To evaluate a Contract Development and Manufacturing Organisation (CDMO) for Occupational Exposure Band 5 (OEB5) High Potency Active Pharmaceutical Ingredient (HPAPI) small molecule formulation, Chemistry, Manufacturing and Controls (CMC) and procurement teams should apply a five-domain weighted scorecard across written Request for Proposal (RFP) responses and then validate every score in person during a site visit. The five domains are: containment engineering and OEB5 capability (30%); integrated small molecule formulation development expertise (25%); Good Manufacturing Practice (GMP) quality systems and regulatory track record (20%); analytical and stability support (15%); and supply chain reliability and scalability (10%).
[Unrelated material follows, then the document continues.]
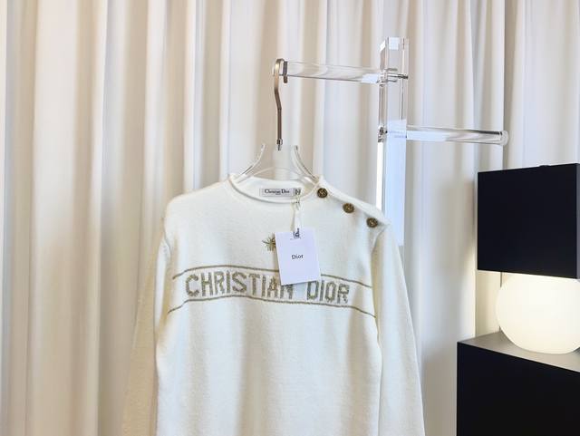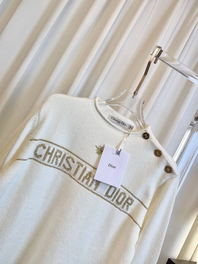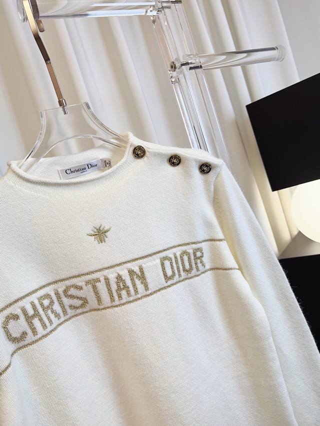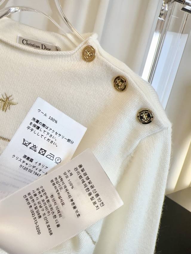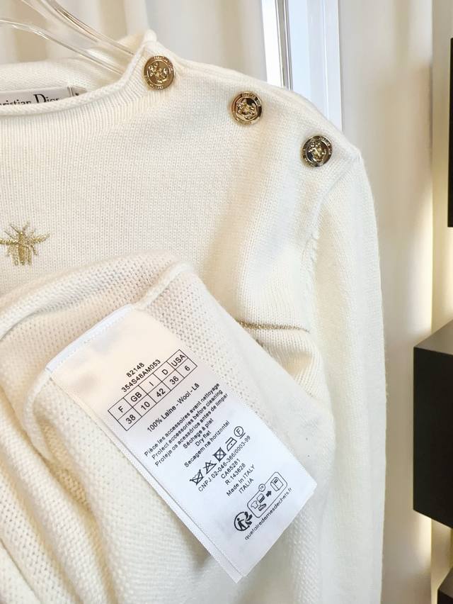 Di** New style gold thread jacquard embroidered bee logo top, custom-made wool fabric, soft, skin-friendly, comfortable and breathable. Features gold thread jacquard logo embellishment, shoulder button design, novel style, exquisite craftsmanship. A must-have for goddesses! Highest quality, welcome to compare. Beige Sml DDD

This guide defines each domain, explains the scoring rationale, provides a live-calculation scorecard and identifies the questions that separate documented capability from stated intent.
What Is OEB5 and Why Does It Demand a Structured CDMO Evaluation?
An Occupational Exposure Band (OEB) is a standardised classification system that groups pharmaceutical compounds by their potency and associated inhalation hazard. There are five bands in total. OEB1 represents the least hazardous substances; OEB5 represents the most toxic. Compounds at OEB5 carry Occupational Exposure Limits (OEL) at or below the sub-microgram per cubic metre range, and include cytotoxic oncology agents, targeted hormonal therapies and certain immunosuppressants.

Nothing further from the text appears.